§ What is required
There are pictures in the records below; leave them out and set down exactly the lines from the one holding "TEBBASE1 BOÎTE DE JONCTION" through the one holding "Arzt/Birmelin: Haben Tiere".
Task data section start
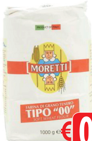
MORETTI FARINA GRANO 00 GR 1000
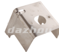
名称: 缸体隔热板 INSULATOR CYLINDER NO:THS026
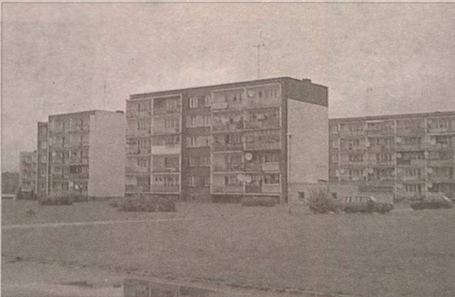
Teraz spółdzielnie same będą decydowały o cenie wykupu mieszkań.

Wyrok trybunału oznacza, że mieszkania lokatorskie będą przekształcane tak jak pozostałe lokale tj.
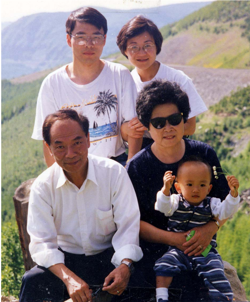
基鑄夫婦二〇〇〇年來美國看望兒子媳婦和孫子

基鑄生于 1933 年，卒于 2003 年，享年 70 歲。1951 年畢業于廈門集美航海學校。1955 年考入上海交通大學，畢業后在西安電控廠工作，后任西安低壓電器廠廠長，西安僑聯理事，西安南僑公司董事長，第四屆全國僑聯大會代表。退休后定居上海，2003 年病逝，墓葬上海青浦。
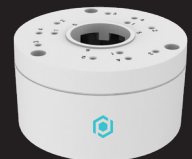
TEBBASE1 BOÎTE DE JONCTION
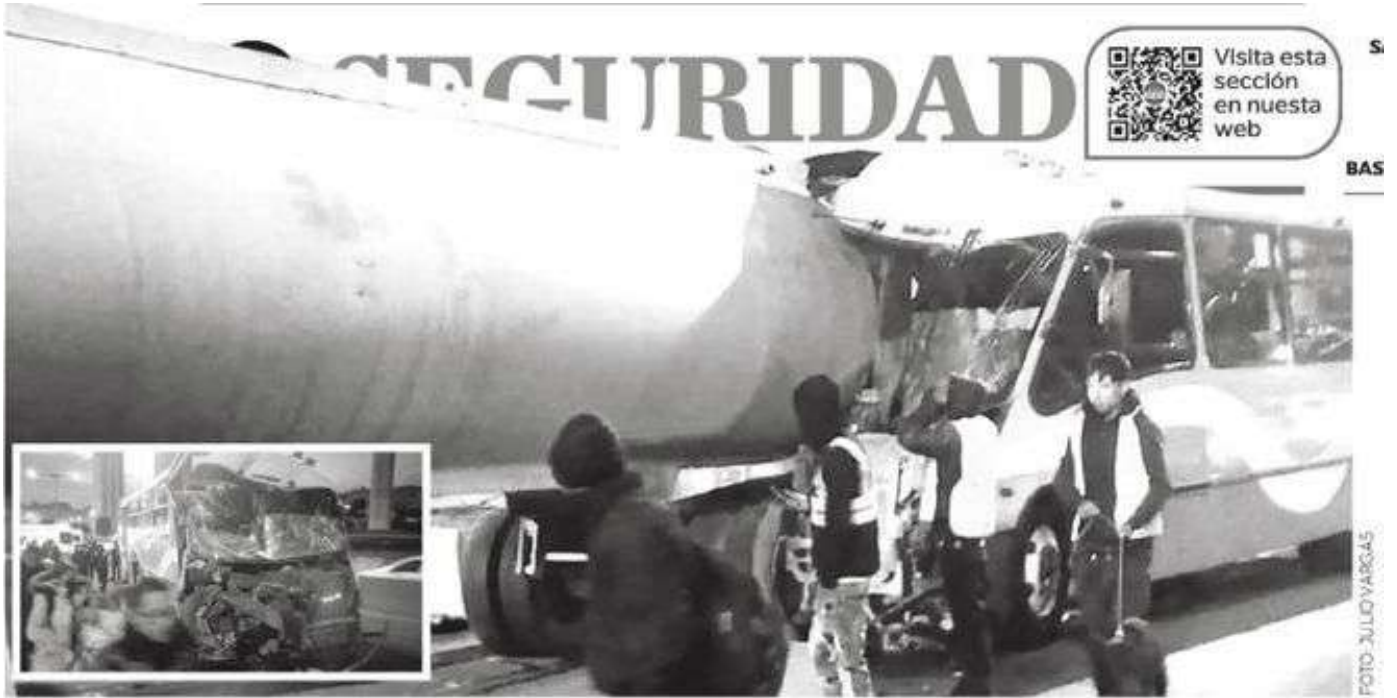
Iba tan patón que no alcanzó ni a frenar
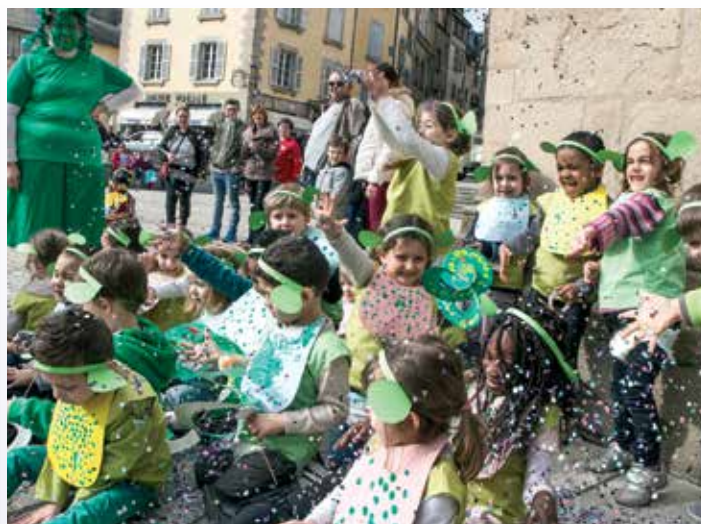
Près de 250 enfants des centres de loisirs de Tulle et de l'agglomération ont défilé dans le centre historique pour fêter le carnaval. Le joyeux cortège s'est ensuite arrêté sur le parvis de la cathédrale où chaque ALSH a fait brûler son totem de carnaval.
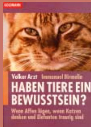
Arzt/Birmelin: Haben Tiere ein Bewusstsein? Goldmann, 1995
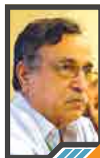
غصن الزيتون والانتصار
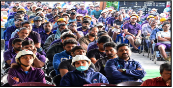
సాధించడానికి చేయాల్సిన పనులపై కార్మికులకు
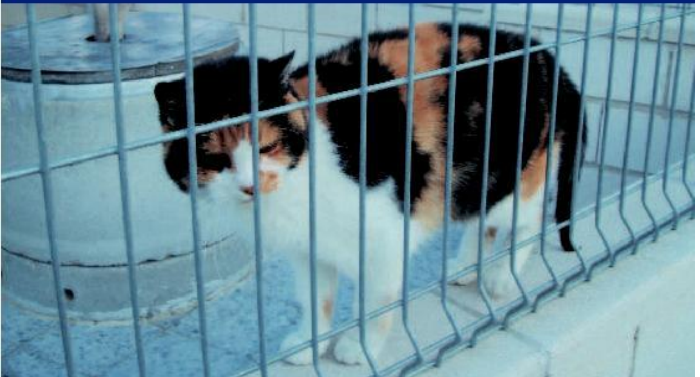
位于马德里一个动物中心的猫舍
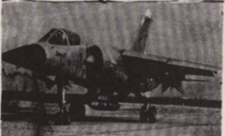
Mirage F1-M53 (Dassault-Bréguet) 220 miljoen frank per stuk, bij aankoop van tenminste 500 vliegtuigen.

is in de rest van de industrie. - DS 4 Juli '74: "aan militaire research wordt jaarlijks gemiddeld 20 miljard dollar besteed." Bewapening betekent inflatie en levensduurte. De oorlogsindustrie wordt bepaald door overheidsuitgaven en dat impliceert hogere belastingen. Bewapening wordt dus betaald
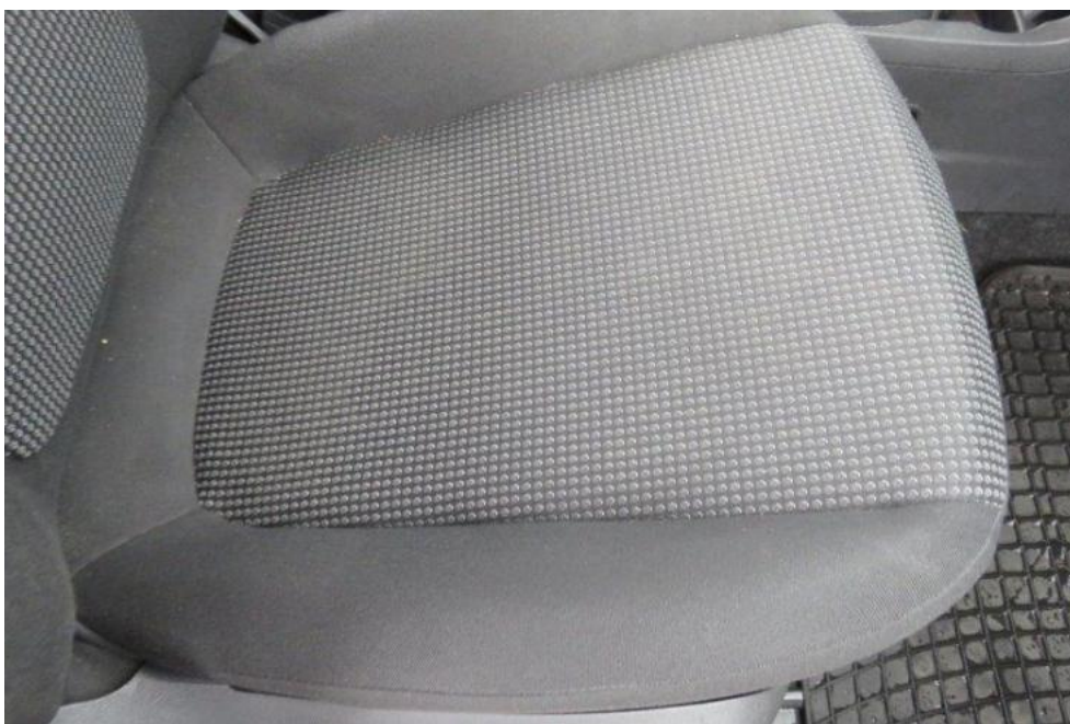
Fot. 18. fotel PR
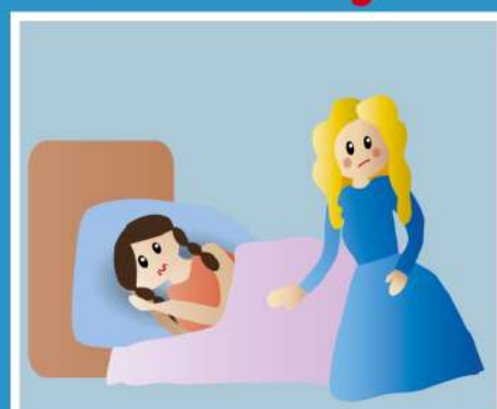
УХОД ЗА БОЛЬНЫМИ
Task data section end
§ Solution to this exercise
TEBBASE1 BOÎTE DE JONCTION
Iba tan patón que no alcanzó ni a frenar
Près de 250 enfants des centres de loisirs de Tulle et de l'agglomération ont défilé dans le centre historique pour fêter le carnaval. Le joyeux cortège s'est ensuite arrêté sur le parvis de la cathédrale où chaque ALSH a fait brûler son totem de carnaval.
Arzt/Birmelin: Haben Tiere ein Bewusstsein? Goldmann, 1995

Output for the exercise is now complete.